Filmmaker Logan Sandler is certainly careful not to exploit the Bahamas throughout Live Cargo, which takes place in and around the nation’s more underprivileged neighborhoods. Yet despite his debut feature focusing on such ugly things as homelessness and human trafficking, everything here looks paradoxically beautiful when glimpsed through Sandler’s arresting visual style. The film’s stark, high-contrast black-and-white cinematography makes the Bahamian landscape seem otherworldly when drained of the bright colors we associate with the country from travel adverts, while some images of everyday objects and occurrences, such as storm clouds churning in the sky, look almost devoid of naturalism, even suggestive of moving paintings. Sandler’s visuals may be fascinating, but they don’t distract from his apathetic storytelling or his seeming indifference to basic human emotion.
Live Cargo’s dual narrative follows Nadine (Dree Hemingway) and Lewis (Lakeith Stanfield) as they travel to Nadine’s family home in the Bahamas to recover from the death of their newborn baby, while the homeless Myron (Sam Dillon) becomes embroiled in a human-trafficking plot under the command of a local hood, Doughboy (Leonard Earl Howze). The sparseness of the parallel storylines is indicative of Sandler’s jettisoning of plot and character specifics in the service of mood. The filmmaker only has his characters, specifically Nadine and Lewis, operate in crushing somberness, which is also reflected in Live Cargo’s monochromatic photography.

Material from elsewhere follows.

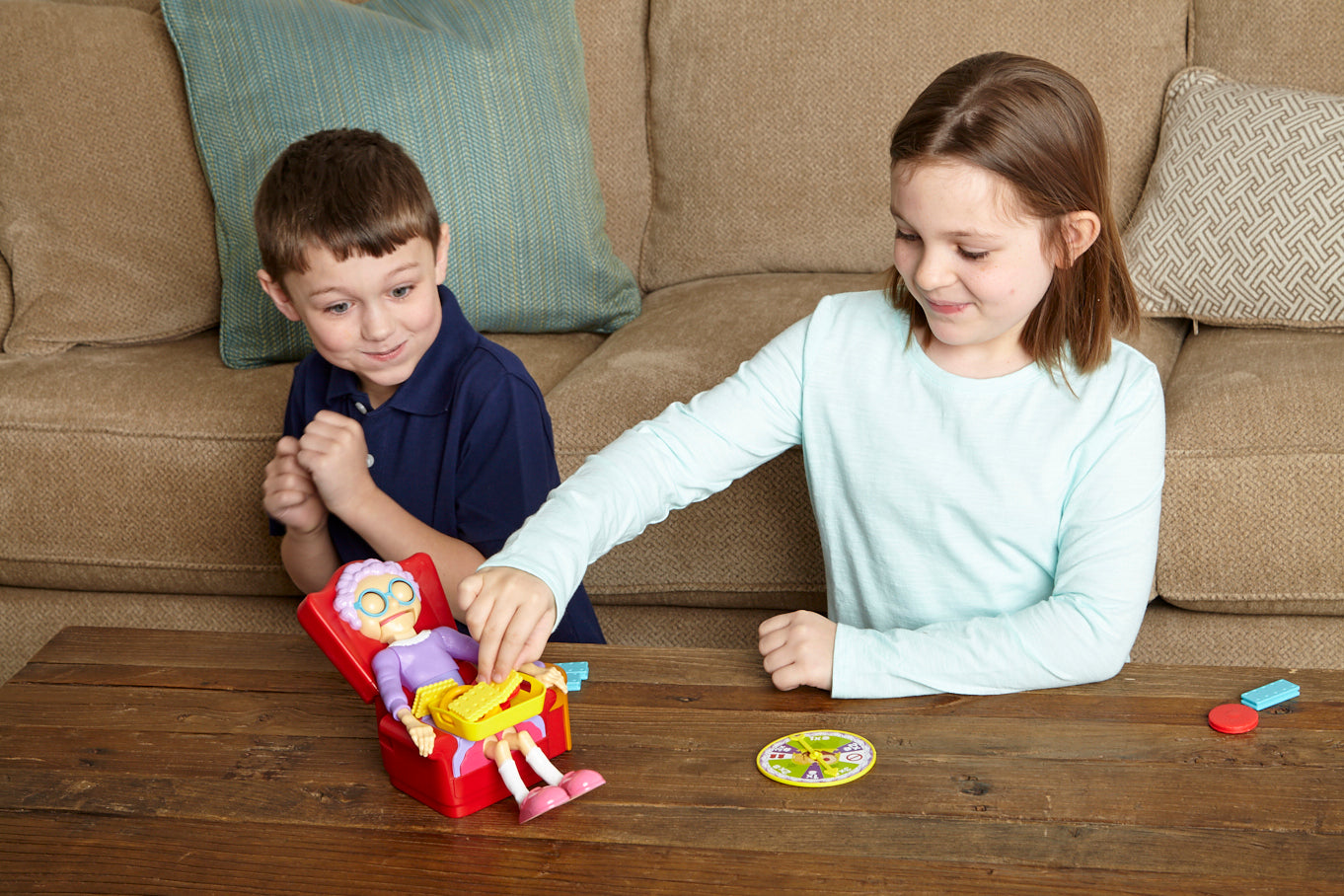 Take the treats without making a peep with Greedy Granny! Granny loves her sweets, but she's not so great at sharing. As she snoozes, spin the treat wheel to see which sweet to swipe. Be quiet … one wrong move will wake Granny up and send her teeth flying! Be the first player to collect one of each of her treats to win the game! For 2 to 4 players, ages 4 and up.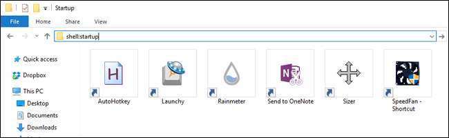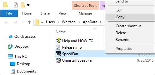в адресному рядку та натисніть Enter. Це має призвести до папки запуску. Клацніть правою кнопкою миші на порожній області, щоб вставити ярлик до SpeedFan у цій папці.

It’s ultimately difficult for audiences to empathize with Nadine and Lewis because their relationship is never elaborated on beyond the long, silent (and quickly redundant) stares they direct either to each other or into the horizon. During a scene set at a bar, Nadine leaves Lewis at their table to go drink with a few locals, and rather than offer a nuanced interaction between Nadine and Lewis that would suggest the couple’s past history and the complexities of their relationship, Sandler focuses on Lewis mournfully watching Nadine form a distance. The faces in Live Cargo, like the landscapes of the paradise setting, only convey an empty sort of ambiguity.
Sandler, though, shows glimpses of a strong neorealist sensibility in naturalistic sequences depicting the characters converging with the Bahamas’s citizens. This is most effectively felt late in the film when Myron and Doughboy’s trafficking plan comes through and they begin to transport refugees using a stolen boat; the montage of disconcerted faces and bodies cramped together coupled with the cinematography’s inky shadows creates a striking feeling of impending doom. But the visceral power of this climax is undermined when it’s dubiously contrived to fulfill the resolution of Nadine and Lewis’s (non-)emotional arc and we’re asked to finally care for the bland pair in a moment of heroism intended only to pave the way for their obligatory happy ending. And yet it’s difficult to do so given that the film itself only saw these individuals as mopey ciphers up to this point.